As anticipated by the University’s resistance towards Title IX compliance, issues of gender equality in University athletics continued to persist after University v. Bell. Later Collegian articles from 1983 and  1998 indicate that the same issues were being discussed many years after the case. The 1983 article exposes existing gender inequalities with respect to scholarships and team budgets, among other disparities. The article concludes by referencing University v. Bell, though still with astonishingly little detail. Referencing the 1981 letter sent by the Women’s Athletic Council to the Department of Education, the article reads, “The University responded with a counter suit, claiming it is not a federally funded institution. The court agreed with the argument and decided in favor of the University. An investigation into discrimination in athletics at UR was never conducted.” At this point in time, it is difficult to believe that there was no accessible information regarding the suit. However, if so, that is problematic in itself.

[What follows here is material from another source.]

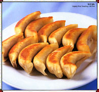 3. Put the cooking oil into the frying pan, heat and when the oil is about 135-200oC (275-390oF), place the raw dumplings in. Heat for one minute, sprinkle 100 g (6 tbsp) of water and put on the pan cover. Use strong fire to heat five minutes. When the water disappears, the dumplings are ready. (It may take several repetitions to cook all the 40 dumplings because of the size of the pan.)

The later 1998 article indicates that some strides had been taken to “level the playing field” for female athletes, namely by cutting some male scholarship teams from University athletics. The article reports backlash from members of the University, particularly male athletes, for ending male athletic programs.

As a female athlete at the University, it is interesting to learn about the University’s history of gender inequality in athletics and compare this history to present circumstances. It is clear that equality has drastically improved since the 1980s, though some inequalities can be argued to linger. What is more interesting to me, however, is the University’s defensive and counterattacking response to attempts to investigate its treatment of female athletics, while simultaneously maintaining a claim to its pursuit of gender equality within athletics. This contradiction exposes the need to examine institutional claims of reform, scrutinizing the possible distinction between expressing concern and taking action.